This show, the annual “daylight” production, is an antic romp through the comedies, tragedies, histories and “problem plays” of the Bard of Avon. Three actors, who are determined to engage the audience in a spirit of raucous frivolity, perform hundreds of roles, armed with Nurf broadswords, regulation capes, plastic crowns and an expansive collection of women’s wigs. We feel sure Shakespeare would approve of the way his works are sliced and diced and served up to the masses in a sort of literary hero sandwich.

The cast features Andrew Papa, Zach Hendrickson and Katie Galazka under the direction of Sara Catheryn Wolf. As you can imagine, the show includes much cross-dressing, performed in the best Monty Python tradition. The show opens with “Romeo & Juliet.” Galazka, positioned as a “pre-eminent” Shakespearean scholar, reads to us from a giant book of Shakespeare’s plays. Papa, as Romeo, woos Hendrickson as the coy Juliet, while both men perform myriad roles, several quick changes, and suffer multiple gruesome deaths to bring the play to a hasty conclusion.

Even the tragedies are played for laughs. The macabre “Titus Andronicus” is presented as a cooking show. The histories are consolidated into an elaborate soccer match. And all of the comedies are combined into a single story – which sort of makes sense, given the similarity in all of their plot lines.

Act Two is devoted to “Hamlet” – which is especially fun considering that the other Shakespeare in the Park play this season is, in fact “Hamlet.” This consolidated version, however, includes some of the finer speeches without all the handwringing. Galazka starts out in the role of the Danish Prince with the big “to be or not to be” monolog, but breaks down under the pressure and can’t go through with it. Admitting that she is not an eminent nor pre-eminent Shakespeare scholar, but a “post-eminent” scholar, the men bolster her confidence and they eventually have so much fun producing “Hamlet” that they present it several more times – each performance more accelerated than the last.
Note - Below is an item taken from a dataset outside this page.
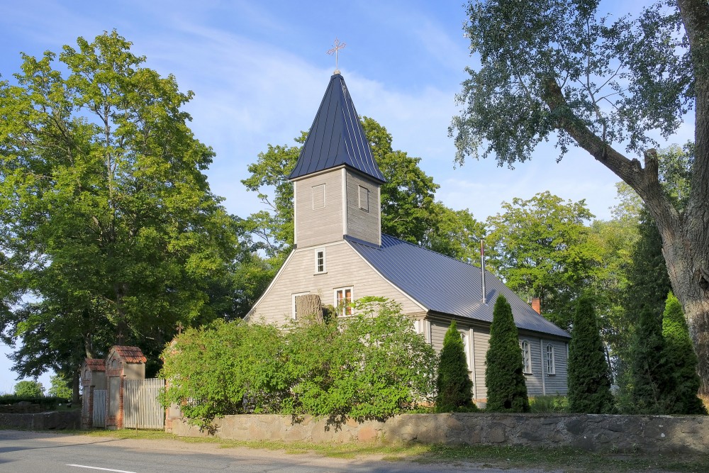 Viena no retajām koka baznīcām Latvijā, kura nav nopostīta vai pārbūvēta par mūra baznīcu, tās pirmsākumi meklējami jau 1567. gadā, vairākkārtīgi pārbūvēta, pēdējo reizi 1804. gadā. 1851. gadā baznīca ieguva Johana Leberehta Eginka gleznoto altāra gleznu "Kristus un neticīgais Pēteris uz jūras". Savukārt 1853. gadā jaunu altāri un kanceli, bet 1854. gadā – Hermaņa darbnīcā Liepājā būvētās ērģeles, no Vācijas ieceļojušais ērģeļmeistars – Kārlis Bitners. Pēc Pirmā pasaules kara baznīca, arī ērģeles, bija stipri izpostītas.

Even the younger members of the audience enjoyed the performance – because the actors are conscientious about aiming much of the interaction their way. Of course, it doesn’t hurt that Mr. Henrickson’s interpretation of the many tragic Shakespearean heroines he plays generally includes running into the audience for copious faux barfing. Or that Act One ends with Mr. Papa dropping trou. (He’s wearing boxers – it’s okay.)

So grab you blankets or beach chairs, and catch one of the final performances. Shows are scheduled for 2 p.m. Saturdays and Sundays on August 9 and 10, and also at 7 p.m. on Tuesday, August 5 and Wednesday, August 6. Tickets ($10) are on sale online or at the park’s theatre pavilion area.

Also, “Hamlet” plays at 8 p.m. Thursday, Friday and Saturday night and at 5 p.m. on Sundays through August 10. Tickets ($20) are on sale now online.